<<<<

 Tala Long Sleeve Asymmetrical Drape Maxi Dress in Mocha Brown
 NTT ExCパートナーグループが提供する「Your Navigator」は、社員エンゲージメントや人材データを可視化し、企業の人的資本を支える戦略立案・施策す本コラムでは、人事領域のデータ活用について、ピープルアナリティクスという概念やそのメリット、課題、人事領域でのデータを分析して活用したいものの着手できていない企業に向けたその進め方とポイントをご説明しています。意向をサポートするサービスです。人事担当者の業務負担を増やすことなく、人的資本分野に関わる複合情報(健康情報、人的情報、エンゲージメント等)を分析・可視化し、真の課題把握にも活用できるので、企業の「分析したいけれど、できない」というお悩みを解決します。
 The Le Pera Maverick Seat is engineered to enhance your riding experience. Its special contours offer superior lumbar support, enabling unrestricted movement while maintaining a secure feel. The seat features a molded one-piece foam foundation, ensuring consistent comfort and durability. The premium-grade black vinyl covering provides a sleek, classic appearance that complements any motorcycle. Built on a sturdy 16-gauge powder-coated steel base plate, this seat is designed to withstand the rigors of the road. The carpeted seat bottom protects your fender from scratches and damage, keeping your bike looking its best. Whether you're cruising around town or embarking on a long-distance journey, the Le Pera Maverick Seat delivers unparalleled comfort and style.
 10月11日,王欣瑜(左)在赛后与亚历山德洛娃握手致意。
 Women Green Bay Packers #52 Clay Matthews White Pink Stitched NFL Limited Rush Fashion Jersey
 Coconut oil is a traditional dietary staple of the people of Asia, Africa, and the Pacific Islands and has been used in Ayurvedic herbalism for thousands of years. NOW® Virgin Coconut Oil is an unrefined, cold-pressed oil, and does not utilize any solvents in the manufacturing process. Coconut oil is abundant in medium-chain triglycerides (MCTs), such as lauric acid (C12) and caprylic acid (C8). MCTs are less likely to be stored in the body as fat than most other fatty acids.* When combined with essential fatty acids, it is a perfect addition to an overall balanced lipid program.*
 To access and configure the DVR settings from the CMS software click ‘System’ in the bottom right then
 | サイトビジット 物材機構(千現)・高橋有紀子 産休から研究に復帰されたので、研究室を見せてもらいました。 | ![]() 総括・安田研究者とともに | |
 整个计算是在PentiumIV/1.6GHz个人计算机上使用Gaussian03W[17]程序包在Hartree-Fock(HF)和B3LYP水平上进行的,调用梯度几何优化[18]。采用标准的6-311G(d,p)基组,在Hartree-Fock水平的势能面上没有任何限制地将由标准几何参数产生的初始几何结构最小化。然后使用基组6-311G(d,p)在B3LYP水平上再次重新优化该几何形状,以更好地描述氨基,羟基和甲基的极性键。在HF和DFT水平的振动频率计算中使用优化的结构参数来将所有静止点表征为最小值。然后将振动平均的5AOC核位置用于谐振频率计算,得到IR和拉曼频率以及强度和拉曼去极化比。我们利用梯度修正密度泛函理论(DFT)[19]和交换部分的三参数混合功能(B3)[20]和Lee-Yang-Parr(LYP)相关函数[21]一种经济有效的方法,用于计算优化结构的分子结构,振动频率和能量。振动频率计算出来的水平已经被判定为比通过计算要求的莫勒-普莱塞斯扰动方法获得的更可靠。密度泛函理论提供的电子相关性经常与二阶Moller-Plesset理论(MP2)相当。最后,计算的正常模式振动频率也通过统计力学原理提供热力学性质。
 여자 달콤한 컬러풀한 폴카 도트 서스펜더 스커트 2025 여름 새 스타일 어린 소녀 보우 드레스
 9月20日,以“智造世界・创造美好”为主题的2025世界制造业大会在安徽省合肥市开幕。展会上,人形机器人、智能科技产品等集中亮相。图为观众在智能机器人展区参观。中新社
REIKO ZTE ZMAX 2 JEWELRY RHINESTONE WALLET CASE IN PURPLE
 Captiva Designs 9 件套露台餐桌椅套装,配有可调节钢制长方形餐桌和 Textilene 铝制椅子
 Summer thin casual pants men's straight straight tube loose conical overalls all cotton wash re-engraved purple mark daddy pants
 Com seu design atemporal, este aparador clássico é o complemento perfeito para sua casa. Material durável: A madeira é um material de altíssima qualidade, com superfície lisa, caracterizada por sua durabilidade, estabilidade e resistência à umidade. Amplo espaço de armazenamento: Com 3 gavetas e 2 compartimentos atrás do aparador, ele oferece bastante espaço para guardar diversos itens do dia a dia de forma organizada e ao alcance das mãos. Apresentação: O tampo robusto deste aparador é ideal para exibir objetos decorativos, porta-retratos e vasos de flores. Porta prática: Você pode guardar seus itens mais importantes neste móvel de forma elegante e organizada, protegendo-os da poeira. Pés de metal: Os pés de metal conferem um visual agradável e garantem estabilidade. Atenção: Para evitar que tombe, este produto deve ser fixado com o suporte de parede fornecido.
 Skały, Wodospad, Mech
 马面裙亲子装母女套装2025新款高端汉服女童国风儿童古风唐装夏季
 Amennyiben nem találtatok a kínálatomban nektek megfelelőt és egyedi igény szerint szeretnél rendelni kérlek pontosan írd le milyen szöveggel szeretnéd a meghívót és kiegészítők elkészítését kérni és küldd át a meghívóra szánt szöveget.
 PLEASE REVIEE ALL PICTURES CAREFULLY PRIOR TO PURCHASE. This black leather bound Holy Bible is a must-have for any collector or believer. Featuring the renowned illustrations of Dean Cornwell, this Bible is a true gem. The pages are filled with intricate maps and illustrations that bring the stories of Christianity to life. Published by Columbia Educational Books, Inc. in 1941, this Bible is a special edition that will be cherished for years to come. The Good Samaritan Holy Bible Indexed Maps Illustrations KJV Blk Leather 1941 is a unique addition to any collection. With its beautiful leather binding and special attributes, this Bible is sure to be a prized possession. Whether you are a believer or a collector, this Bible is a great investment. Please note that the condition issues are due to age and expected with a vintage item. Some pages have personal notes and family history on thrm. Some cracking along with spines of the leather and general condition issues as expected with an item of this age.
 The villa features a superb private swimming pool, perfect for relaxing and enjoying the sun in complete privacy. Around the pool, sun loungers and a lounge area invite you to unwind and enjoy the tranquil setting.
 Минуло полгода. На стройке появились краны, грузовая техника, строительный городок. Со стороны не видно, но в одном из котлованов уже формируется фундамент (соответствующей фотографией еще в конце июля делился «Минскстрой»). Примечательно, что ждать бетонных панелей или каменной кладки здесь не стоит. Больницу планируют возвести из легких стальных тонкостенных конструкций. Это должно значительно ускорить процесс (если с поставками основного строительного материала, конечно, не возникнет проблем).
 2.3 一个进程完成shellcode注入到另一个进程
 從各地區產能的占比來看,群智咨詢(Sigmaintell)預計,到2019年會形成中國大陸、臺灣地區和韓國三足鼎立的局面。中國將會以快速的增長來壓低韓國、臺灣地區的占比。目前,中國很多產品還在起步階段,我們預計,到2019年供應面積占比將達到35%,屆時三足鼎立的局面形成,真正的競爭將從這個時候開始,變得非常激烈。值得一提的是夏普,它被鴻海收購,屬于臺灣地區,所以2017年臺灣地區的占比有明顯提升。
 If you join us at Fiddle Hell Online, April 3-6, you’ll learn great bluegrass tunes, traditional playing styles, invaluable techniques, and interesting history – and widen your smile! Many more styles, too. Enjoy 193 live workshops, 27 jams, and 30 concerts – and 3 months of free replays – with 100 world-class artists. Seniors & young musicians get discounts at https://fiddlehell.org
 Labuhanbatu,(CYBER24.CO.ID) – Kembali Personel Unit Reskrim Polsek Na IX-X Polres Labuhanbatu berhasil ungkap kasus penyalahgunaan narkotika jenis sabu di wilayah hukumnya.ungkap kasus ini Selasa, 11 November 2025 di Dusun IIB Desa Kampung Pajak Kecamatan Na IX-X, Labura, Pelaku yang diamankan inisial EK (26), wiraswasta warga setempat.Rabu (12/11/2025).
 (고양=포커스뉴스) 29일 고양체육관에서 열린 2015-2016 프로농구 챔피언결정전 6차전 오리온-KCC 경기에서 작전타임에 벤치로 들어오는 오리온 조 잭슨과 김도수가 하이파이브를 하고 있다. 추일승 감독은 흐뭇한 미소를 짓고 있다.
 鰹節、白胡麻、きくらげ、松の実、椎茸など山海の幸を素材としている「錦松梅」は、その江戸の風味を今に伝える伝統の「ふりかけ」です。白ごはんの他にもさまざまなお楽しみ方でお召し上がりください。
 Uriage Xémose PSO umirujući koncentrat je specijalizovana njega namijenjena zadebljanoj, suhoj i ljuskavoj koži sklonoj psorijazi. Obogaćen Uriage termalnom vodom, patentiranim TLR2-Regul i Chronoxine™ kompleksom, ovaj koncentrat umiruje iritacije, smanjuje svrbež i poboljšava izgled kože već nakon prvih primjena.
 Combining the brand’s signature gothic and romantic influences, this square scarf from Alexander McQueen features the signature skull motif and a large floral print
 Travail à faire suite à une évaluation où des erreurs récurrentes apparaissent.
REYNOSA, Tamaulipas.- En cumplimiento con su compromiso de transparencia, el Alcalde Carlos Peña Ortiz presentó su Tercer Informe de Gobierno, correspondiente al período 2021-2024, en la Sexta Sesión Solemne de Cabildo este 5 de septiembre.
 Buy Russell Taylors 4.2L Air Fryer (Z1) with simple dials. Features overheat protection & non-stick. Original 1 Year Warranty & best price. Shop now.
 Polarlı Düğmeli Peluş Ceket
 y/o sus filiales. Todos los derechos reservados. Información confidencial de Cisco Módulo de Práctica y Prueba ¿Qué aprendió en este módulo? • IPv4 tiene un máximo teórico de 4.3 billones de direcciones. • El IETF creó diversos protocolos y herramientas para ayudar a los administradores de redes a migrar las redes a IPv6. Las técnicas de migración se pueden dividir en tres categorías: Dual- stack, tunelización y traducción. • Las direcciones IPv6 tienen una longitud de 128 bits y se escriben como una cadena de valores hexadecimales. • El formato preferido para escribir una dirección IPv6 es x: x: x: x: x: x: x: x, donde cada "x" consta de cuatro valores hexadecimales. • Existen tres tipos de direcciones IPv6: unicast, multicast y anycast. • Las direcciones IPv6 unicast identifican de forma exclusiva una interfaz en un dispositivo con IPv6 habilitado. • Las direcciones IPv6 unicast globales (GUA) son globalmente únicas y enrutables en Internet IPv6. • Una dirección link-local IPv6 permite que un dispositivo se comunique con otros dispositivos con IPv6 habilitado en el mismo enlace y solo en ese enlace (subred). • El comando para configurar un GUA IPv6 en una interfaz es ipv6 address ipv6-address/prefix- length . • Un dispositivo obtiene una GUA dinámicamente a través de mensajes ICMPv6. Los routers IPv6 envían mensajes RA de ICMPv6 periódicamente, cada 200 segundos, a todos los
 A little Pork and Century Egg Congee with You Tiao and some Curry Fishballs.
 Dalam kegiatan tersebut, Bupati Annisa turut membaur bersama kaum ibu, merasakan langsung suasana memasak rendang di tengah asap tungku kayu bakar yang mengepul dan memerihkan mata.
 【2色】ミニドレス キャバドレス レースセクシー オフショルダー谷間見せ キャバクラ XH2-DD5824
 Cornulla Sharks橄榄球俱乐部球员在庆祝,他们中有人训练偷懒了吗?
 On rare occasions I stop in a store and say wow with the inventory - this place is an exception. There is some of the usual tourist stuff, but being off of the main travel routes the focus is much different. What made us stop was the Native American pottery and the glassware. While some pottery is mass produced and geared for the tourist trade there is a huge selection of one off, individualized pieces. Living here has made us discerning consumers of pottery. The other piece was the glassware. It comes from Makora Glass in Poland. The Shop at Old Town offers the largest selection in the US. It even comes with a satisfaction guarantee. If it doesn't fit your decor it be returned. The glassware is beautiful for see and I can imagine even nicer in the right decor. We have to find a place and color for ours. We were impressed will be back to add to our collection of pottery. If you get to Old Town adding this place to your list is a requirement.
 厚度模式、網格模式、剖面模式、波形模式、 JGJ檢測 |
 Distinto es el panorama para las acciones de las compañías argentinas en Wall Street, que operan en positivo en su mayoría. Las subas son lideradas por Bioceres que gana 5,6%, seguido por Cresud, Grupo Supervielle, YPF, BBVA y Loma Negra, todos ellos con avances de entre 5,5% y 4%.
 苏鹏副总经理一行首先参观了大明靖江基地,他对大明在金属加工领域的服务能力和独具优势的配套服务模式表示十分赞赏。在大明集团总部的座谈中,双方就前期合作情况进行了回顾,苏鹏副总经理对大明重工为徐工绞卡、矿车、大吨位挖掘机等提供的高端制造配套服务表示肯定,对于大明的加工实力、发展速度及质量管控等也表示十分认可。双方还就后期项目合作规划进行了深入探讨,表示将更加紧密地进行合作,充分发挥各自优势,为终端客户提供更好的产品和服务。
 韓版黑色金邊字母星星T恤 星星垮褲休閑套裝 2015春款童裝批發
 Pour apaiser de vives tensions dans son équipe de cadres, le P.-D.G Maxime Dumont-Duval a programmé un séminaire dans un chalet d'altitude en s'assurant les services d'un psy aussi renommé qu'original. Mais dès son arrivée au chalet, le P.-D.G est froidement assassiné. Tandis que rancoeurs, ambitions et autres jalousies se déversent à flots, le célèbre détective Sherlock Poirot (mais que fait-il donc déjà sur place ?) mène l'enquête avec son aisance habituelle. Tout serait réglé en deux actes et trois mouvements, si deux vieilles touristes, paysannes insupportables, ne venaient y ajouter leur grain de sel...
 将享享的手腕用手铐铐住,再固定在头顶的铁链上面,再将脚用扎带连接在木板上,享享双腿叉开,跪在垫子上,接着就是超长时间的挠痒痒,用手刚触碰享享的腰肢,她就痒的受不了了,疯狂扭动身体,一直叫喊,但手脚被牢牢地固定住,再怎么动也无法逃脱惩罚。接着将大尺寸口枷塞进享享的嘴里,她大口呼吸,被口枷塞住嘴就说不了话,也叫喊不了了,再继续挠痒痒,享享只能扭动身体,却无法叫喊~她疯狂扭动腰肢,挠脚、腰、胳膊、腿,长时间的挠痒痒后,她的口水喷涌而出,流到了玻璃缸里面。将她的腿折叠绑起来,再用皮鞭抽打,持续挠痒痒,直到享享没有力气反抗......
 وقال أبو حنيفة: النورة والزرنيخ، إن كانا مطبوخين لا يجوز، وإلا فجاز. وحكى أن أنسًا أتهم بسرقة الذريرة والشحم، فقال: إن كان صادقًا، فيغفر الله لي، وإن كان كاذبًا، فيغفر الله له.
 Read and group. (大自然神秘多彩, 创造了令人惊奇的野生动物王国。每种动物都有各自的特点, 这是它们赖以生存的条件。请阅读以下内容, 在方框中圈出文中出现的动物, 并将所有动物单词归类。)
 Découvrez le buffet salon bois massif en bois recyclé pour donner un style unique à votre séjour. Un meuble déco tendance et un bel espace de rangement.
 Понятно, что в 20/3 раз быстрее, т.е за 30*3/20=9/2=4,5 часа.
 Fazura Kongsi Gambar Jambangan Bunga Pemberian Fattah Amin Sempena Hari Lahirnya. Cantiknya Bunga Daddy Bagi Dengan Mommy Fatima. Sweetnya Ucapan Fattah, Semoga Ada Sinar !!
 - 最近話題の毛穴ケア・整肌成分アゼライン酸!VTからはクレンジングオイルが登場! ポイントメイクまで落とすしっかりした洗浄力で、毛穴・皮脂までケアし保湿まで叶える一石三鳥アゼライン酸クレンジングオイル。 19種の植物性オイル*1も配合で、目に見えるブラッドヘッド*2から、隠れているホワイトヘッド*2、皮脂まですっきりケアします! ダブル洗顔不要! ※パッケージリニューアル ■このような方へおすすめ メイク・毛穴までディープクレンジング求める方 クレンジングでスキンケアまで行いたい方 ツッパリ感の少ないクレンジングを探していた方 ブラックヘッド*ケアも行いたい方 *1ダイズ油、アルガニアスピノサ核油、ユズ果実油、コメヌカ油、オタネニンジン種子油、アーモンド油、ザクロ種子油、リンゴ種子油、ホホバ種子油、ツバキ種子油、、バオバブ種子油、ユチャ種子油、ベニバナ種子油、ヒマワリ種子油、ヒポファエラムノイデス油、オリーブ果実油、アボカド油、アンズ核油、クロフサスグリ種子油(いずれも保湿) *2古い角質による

>>>>

REQUIRED ACTION: Quote every line of the records above, from the first down to the one holding "Women Green Bay", exactly as written.

WRITTEN SOLUTION:
 Tala Long Sleeve Asymmetrical Drape Maxi Dress in Mocha Brown
 NTT ExCパートナーグループが提供する「Your Navigator」は、社員エンゲージメントや人材データを可視化し、企業の人的資本を支える戦略立案・施策す本コラムでは、人事領域のデータ活用について、ピープルアナリティクスという概念やそのメリット、課題、人事領域でのデータを分析して活用したいものの着手できていない企業に向けたその進め方とポイントをご説明しています。意向をサポートするサービスです。人事担当者の業務負担を増やすことなく、人的資本分野に関わる複合情報(健康情報、人的情報、エンゲージメント等)を分析・可視化し、真の課題把握にも活用できるので、企業の「分析したいけれど、できない」というお悩みを解決します。
 The Le Pera Maverick Seat is engineered to enhance your riding experience. Its special contours offer superior lumbar support, enabling unrestricted movement while maintaining a secure feel. The seat features a molded one-piece foam foundation, ensuring consistent comfort and durability. The premium-grade black vinyl covering provides a sleek, classic appearance that complements any motorcycle. Built on a sturdy 16-gauge powder-coated steel base plate, this seat is designed to withstand the rigors of the road. The carpeted seat bottom protects your fender from scratches and damage, keeping your bike looking its best. Whether you're cruising around town or embarking on a long-distance journey, the Le Pera Maverick Seat delivers unparalleled comfort and style.
 10月11日,王欣瑜(左)在赛后与亚历山德洛娃握手致意。
 Women Green Bay Packers #52 Clay Matthews White Pink Stitched NFL Limited Rush Fashion Jersey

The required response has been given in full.